# Any opinions/info on Garnet "Tripper"?



## torndownunit (May 14, 2006)

Possibly on my way out to pick one up right now. It's a 1976. Anyone use them for guitar? I know it's a PA head, but I had been on the lookout for a 20 watt head, and I THINK from the minimal info I found on these online these are about 20 watts. If I can good a good price, seems like it might suit my needs on a budget with a few mods.

Thanks


----------



## Scottone (Feb 10, 2006)

I jammed with a guy who used a Tripper for guitar and it sounded pretty good. Can always tweak a few parts values in the pre-amp to optimize for guitar if needed.


----------



## Bohdan (Jan 19, 2012)

Are the Trippers similar to Herzogs, circuitwise? If so, how could I Herzog my Tripper...


----------



## traynor_garnet (Feb 22, 2006)

Haven't used the Tripper, but having owned BTO and Rebel PA heads, my guess is that the Tripper will work great for guitar in stock form and offer some really cool options with a few simply mods. Go plug in and crank it up. Like it? Buy it!

TG


----------



## torndownunit (May 14, 2006)

I did get it awhile back. It's in getting a few tweaks done at my tech's. Basically, it sounds 'ok' stock. But it lacks a lot of defintion in the bass. Very 'fizzy'. He's doing a few tweaks to tighten up. Being pretty much an empty slate with great components though (being a vocal PA), it's super easy for him to work on. The possibilities are endless.
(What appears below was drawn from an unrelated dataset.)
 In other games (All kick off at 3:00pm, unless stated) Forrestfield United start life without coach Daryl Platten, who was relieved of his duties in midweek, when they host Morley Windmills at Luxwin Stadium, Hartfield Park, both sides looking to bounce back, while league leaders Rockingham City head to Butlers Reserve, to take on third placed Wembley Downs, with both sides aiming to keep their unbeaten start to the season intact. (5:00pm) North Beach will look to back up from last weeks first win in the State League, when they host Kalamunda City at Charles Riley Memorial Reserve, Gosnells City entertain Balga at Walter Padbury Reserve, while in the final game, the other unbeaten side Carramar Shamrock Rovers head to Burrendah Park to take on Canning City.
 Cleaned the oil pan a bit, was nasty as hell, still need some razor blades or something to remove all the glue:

One shocking thing is how loud it is. I think it supposed to be about 15 watts, but it dwarfs any other amp I have in that wattage range in volume.


----------



## Bohdan (Jan 19, 2012)

Thanks guys. It sounds amazing as is, and there is a slave out provided on the front. Would I be able to run as if it were a Herzog, into another amp?


----------



## torndownunit (May 14, 2006)

Bohdan said:


> Thanks guys. It sounds amazing as is, and there is a slave out provided on the front. Would I be able to run as if it were a Herzog, into another amp?
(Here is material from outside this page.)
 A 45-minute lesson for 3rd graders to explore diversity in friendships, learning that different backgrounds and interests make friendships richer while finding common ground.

Mine has no slave output. It has 4 inputs, that I don't think can even be jumpered.


----------



## washburned (Oct 13, 2006)

torndownunit said:


> Mine has no slave output. It has 4 inputs, that I don't think can even be jumpered.


Couple of pics online show a "Phono" input and volumre as well. Depending on how it is wired it could work as a slave out.


----------